[ClusterLabs] PAF with postgresql 13?

Mon Mar 7 09:32:46 EST 2022

Hi,

Thanks for your quick answer. Here are my answers:

I tried 2 different tests to create a problem in the cluster:
- killing postgres processes on node1: pkill postgres
- putting node1 in standby in the cluster with the following command: pcs node standby node1
Both gave me the same result regarding the error message with lsn location. In the pacemaker logs:

pgsqlms(pgsqld)[5180]:  Mar 07 15:29:48  ERROR: Can not get current node LSN location
Mar 07 15:29:48 node2 pacemaker-execd     [692] (log_op_output)  notice: pgsqld_promote_0[5180] error output [ Could not query value of cancel_switchover-pgsqld: attribute does not exist ]
Mar 07 15:29:48 node2 pacemaker-execd     [692] (log_op_output)  notice: pgsqld_promote_0[5180] error output [ Could not query value of recover_master-pgsqld: attribute does not exist ]
Mar 07 15:29:48 node2 pacemaker-execd     [692] (log_op_output)  notice: pgsqld_promote_0[5180] error output [ Could not query value of nodes-pgsqld: attribute does not exist ]
Mar 07 15:29:48 node2 pacemaker-execd     [692] (log_op_output)  notice: pgsqld_promote_0[5180] error output [ Could not query value of lsn_location-pgsqld: attribute does not exist ]
Mar 07 15:29:48 node2 pacemaker-execd     [692] (log_op_output)  notice: pgsqld_promote_0[5180] error output [ ocf-exit-reason:Can not get current node LSN location ]
Mar 07 15:29:48 node2 pacemaker-execd     [692] (log_finished)   info: pgsqld promote (call 233, PID 5180) exited with status 1 (execution time 183ms, queue time 0ms)
Mar 07 15:29:48 node2 pacemaker-controld  [695] (process_lrm_event)      notice: Result of promote operation for pgsqld on node2: error | rc=1 call=233 key=pgsqld_promote_0 confirmed=true cib-update=382
Mar 07 15:29:48 node2 pacemaker-controld  [695] (process_lrm_event)      notice: node2-pgsqld_promote_0:233 [ Could not query value of cancel_switchover-pgsqld: attribute does not exist\nCould not query value of recover_master-pgsqld: attribute does not exist\nCould not query value of nodes-pgsqld: attribute does not exist\nCould not query value of lsn_location-pgsqld: attribute does not exist\nocf-exit-reason:Can not get current node LSN location\n ]

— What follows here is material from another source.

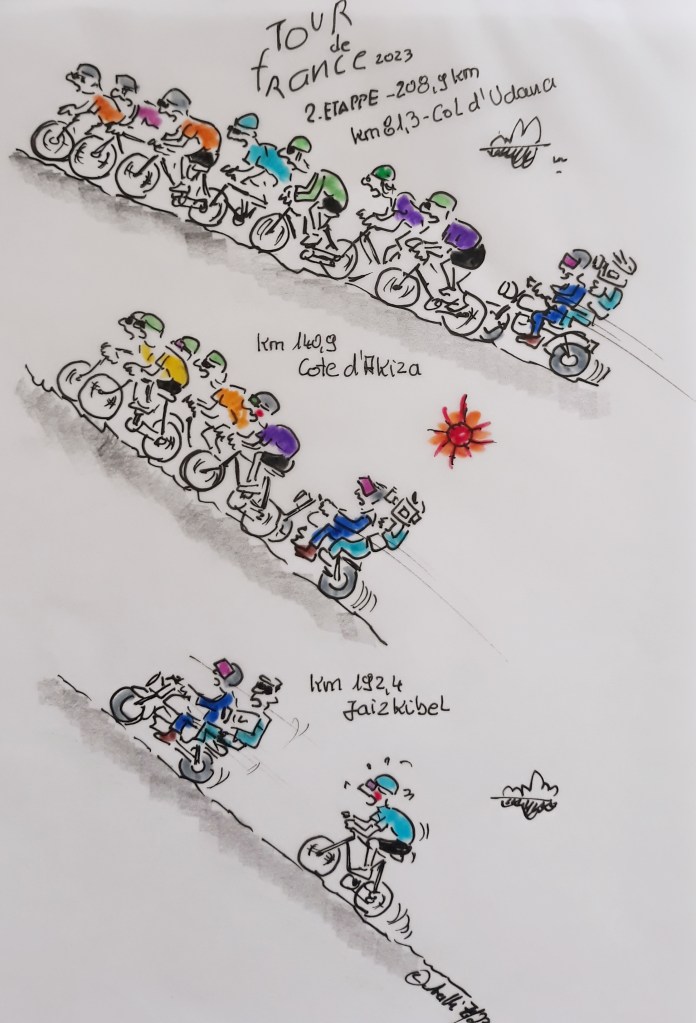 Die Profis der Tour de France 2023 bleiben auch heute im Baskenland. Und das Baskenland bleibt seinem Ruf treu. Es ist wellig. So wellig, dass auch heute kein reiner Sprinter eine Chance auf den Etappensieg haben wird. Nach dem Gipfel des letzten Anstiegs sind es noch 16 Kilometer bis zur Ziellinie. Durchaus möglich, dass sich hier eine späte Fluchtgruppe bilden wird. Wahrscheinlicher ist aber ein Sprint aus einem sehr dezimierten Hauptfeld heraus.

Our versions are Debian 11.2 and PAF 2.3.0 (installed from debian repository).

The attrd_updater command returns:

root at node1 ~ > attrd_updater --private --lifetime reboot --name "lsn_location-pgsqld" --query
Could not query value of lsn_location-pgsqld: attribute does not exist

Thanks !

-----Message d'origine-----
De : Jehan-Guillaume de Rorthais <jgdr at dalibo.com> 
Envoyé : lundi 7 mars 2022 15:15
À : CHAMPAGNE Julie <julie.champagne at pm.gouv.fr>
Cc : Cluster Labs - All topics related to open-source clustering welcomed <users at clusterlabs.org>
Objet : Re: [ClusterLabs] PAF with postgresql 13?

Hi,

Caution, this is an english spoken mailing list :)

Bellow my answer.

On Mon, 7 Mar 2022 12:31:07 +0000
CHAMPAGNE Julie <julie.champagne at pm.gouv.fr> wrote:

> Lorsque je crée un problème sur le noeud1,

What's the issue you are testing precisely?

>   * pgsqld_promote_0 on node2 'error' (1): call=24, status='complete', 
> exitreason='Can not get current node LSN location',

It seems the agent had some trouble getting some private attributes from the cluster. Could you give exact:

* Debian version
* PAF version

Do you find any error in logs about setting/getting lsn_location attribute ?

What is the result of the following command:

  attrd_updater --private --lifetime reboot --name "lsn_location-pgsqld" --query

Thanks,